L’ultimo Ballo? Sì! un Lento!

Inizialmente ancora un po’ scottato dalla fine del mio amato Kobe Bryant e un po’ per orgoglio tento di resistere ma la pubblicità di The Last Dance è ovunque, la quarantena limita qualsiasi altra possibilità e dopo due settimane di resistenza … cedo.

Decido di vederlo.

Attivo l’account Netflix del mio amico Francesco e il “ballo” ha inizio.

Cerco di viverlo in maniera più obiettiva possibile e provo ad analizzare al meglio cosa mi piace e cosa non mi convince a pieno. Non devo per forza scadere nella superficialità diffusa e definirlo un capolavoro “solo” perché racconta una squadra leggendario e un uomo solo al comando.

L’inizio è davvero promettente non sembra volere essere il racconto in modalità tifoso di una squadra che ha vinto tutto e dominato l’NBA per un lustro; mostra le difficoltà di un gruppo di persone da un punto di vista più intimo e introspettivo e racconta un Nba che non è ancora l’azienda numero 1 al mondo nel settore dell’intrattattenimento sportivo.

Cosa succede quindi? 4 episodi, i primi 4 disponibili in Italia in 6 sere consecutive. 

Si esatto ! …non vanno giù proprio in maniera liscia… sono costretto a “smezzare” due puntate in 4 sere. Questo ultimo ballo è decisamente un lento. Tolto il primo Episodio i ritmi non sono di certo travolgenti e la ricerca dei dettagli e del racconto a volte è esasperata.

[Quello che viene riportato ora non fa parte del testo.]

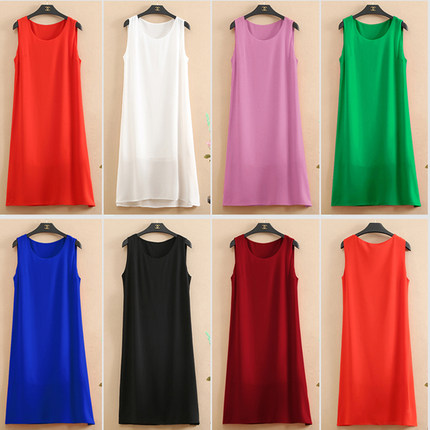 雪纺吊带背心裙子女中长款t内搭外穿夏季宽松无袖打底上衣大码新
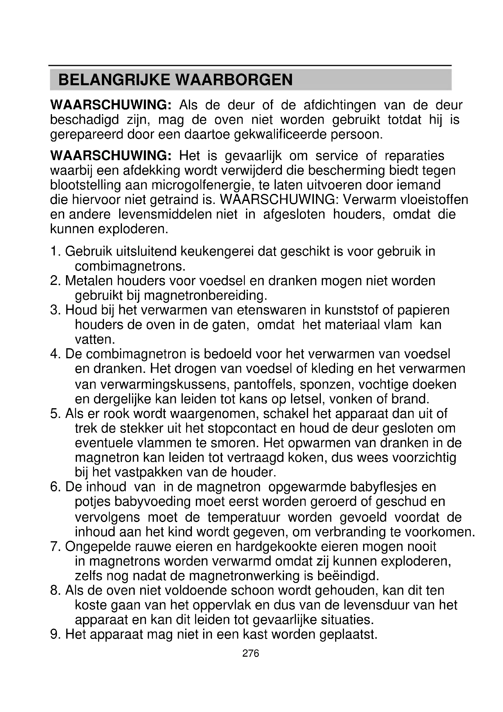+276 BELANGRIJKE WAARBORGEN WAARSCHUWING: Als de deur of de afdichtingen van de deur beschadigd zijn, mag de oven niet worden gebruikt totdat hij is gerepareerd door een daartoe gekwalificeerde persoon. WAARSCHUWING: Het is gevaarlijk om service of reparaties waarbij een afdekking wordt verwijderd die bescherming biedt tegen blootstelling aan microgolfenergie, te laten uitvoeren door iemand die hiervoor niet getraind is. WAARSCHUWING: Verwarm vloeistoffen en andere levensmiddelen niet in afgesloten houders, omdat die kunnen exploderen.
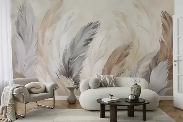 Fototapeten Weiche, flauschige Federn in einer warmen, neutralen Farbpalette N° w04736
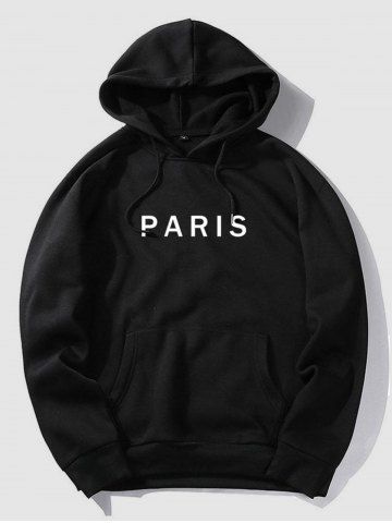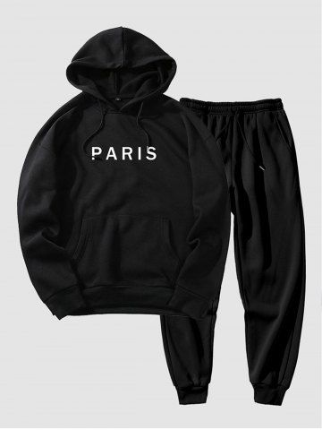 Ensemble Sweat à Capuche en Molleton Minimaliste Motif PARIS et Pantalon de Jogging avec Poche Kangourou pour Homme - Noir - Noir
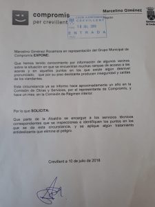 Según Marcelino Giménez, representante de Compromís en la Comisión de Obras, el pasado día 10, se pidió de nuevo que por parte del Gobierno del PP se tomaran medidas al respecto, la respuesta del Concejal de Obras, Manuel Moya, fue tirar balones fuera eludiendo su responsabilidad y pedir a Compromís que haga el trabajo de los servicios municipales y que realice la inspección y diga en qué puntos concretos se tendría que actuar.
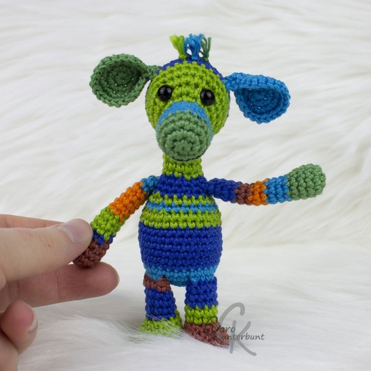 Der Verkauf der Häkelfiguren, die mit Hilfe dieser Anleitung erstellt wurden, ist unter folgender Voraussetzung gestattet: Der Käufer dieser Anleitung fertigt das Produkt in einer geringen Stückzahl in Handarbeit an und verweist auf mich „CaroKunterbunt“ als Designer. Dieser Hinweis wird sowohl der Artikelbeschreibung als auch der verkauften Figur hinzugefügt.
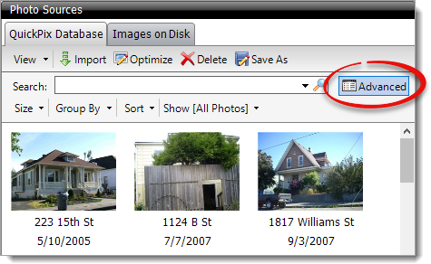 To delete old photos, click the Advanced button to search a range of photos by date taken. Alternatively, click Sort and choose Date Taken and Ascending. This organizes your photos starting with the oldest at the top.
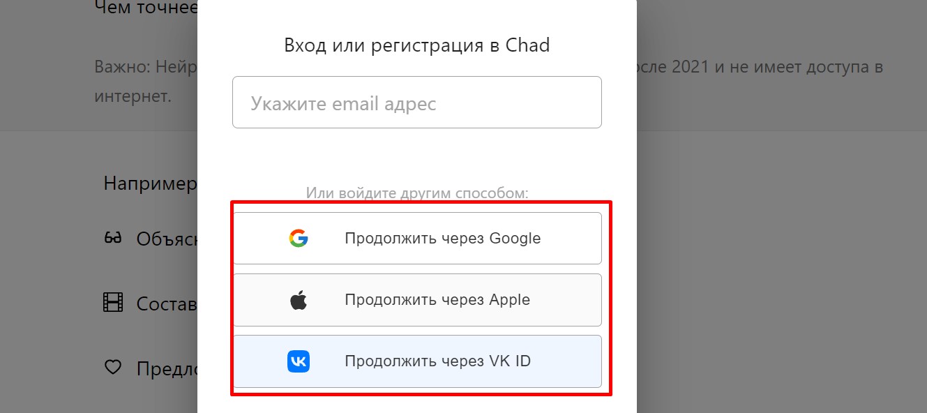 Пример: войти в нейросеть Chad можно по данным в социальных сетях.

Il mio pensiero è:  “Servono davvero 10 episodi a raccontare tutto questo? Non sarebbe bastato qualcosa di un po’ più corto e maggiormente incalzante?” E poi se dobbiamo raccontarcela tutta in questi primi 4 episodi Jordan, Pippen e Rodman non sono proprio degli istrioni; fenomeni veri con una palla in mano ma meno a loro agio davanti aduna telecamera. Si vede che l’NBA di quei tempi non era ancora un prodotto globale. Ne esce molto meglio il caro Phil Jackson, molto più frizzante. Per rendere l’idea devo aggiungere che di norma il Coach è quello di poche parole soprannominato “Il Maestro Zen”.

The Last Dance Shooting

Tolto però il cappello di chi sta scrivendo un “pezzo” di comunicazione parlo da chi in quella palla a spicchi ci ha lasciato cuore e sudore.; finalmente vedo cosa The Last Dance trasmette, in maniera esemplare:

  • La forza mentale di Michael Jordan fuori e dentro dal campo. 

Certi uomini sono fatti diversamente. 

Il mio Coach delle giovanili e campione della Simmenthal Julio Iellini diceva: “Prima uomini e poi Giocatori di Pallacanestro”.  Jordan rispecchia questo principio. Meglio come uomo, se parliamo di costanza e rettitudine e quindi subito dopo meglio come giocatore di pallacanestro.

  • La complessità di Dennis Rodman.

Per chi come me nato negli anni 80 Rodman è solamente: Rimbalzi, Il Verme e i Capelli Colorati.

In realtà c’è molto di più, una complessità di persona che solo ora da adulti si riesce a cogliere.

  • La fragilità di Pippen.

Talento fisico così puro che avrebbe potuto essere 2 volte Michael Jordan ma che si è arenato in uno scenario famigliare molto diverso rispetto a quello di MJ e in una forza mentale neanche minimamente paragonabile.

  • Dare finalmente un contesto a delle immagini.

The Last Dance riesce a raccontare immagini e video iconici che tutti hanno sempre visto ma che non hanno mai saputo contestualizzare in una precisa partita o periodo.

Tutti dicono di aver vissuto i Bulls di Michael Jordan, ma la realtà è che certe performance ai tempi non potevano essere vissute in diretta. 

Jordan è statoun campione che tirava 40 volte a partita con il 49% dal campo ma è bello vederlo finalmente “mortale”.

Da tifoso di Kobe e dei Lakers ho vissuto prima con fastidio questo video:

Rivelazione

Poi … scopri la storia!

  • Come è nato.
  • Il momento della stagione
  • Le sensazioni
  • La sofferenza
  • La gioia

E come per tutto il resto…se hai passione, non puoi che innamorartene.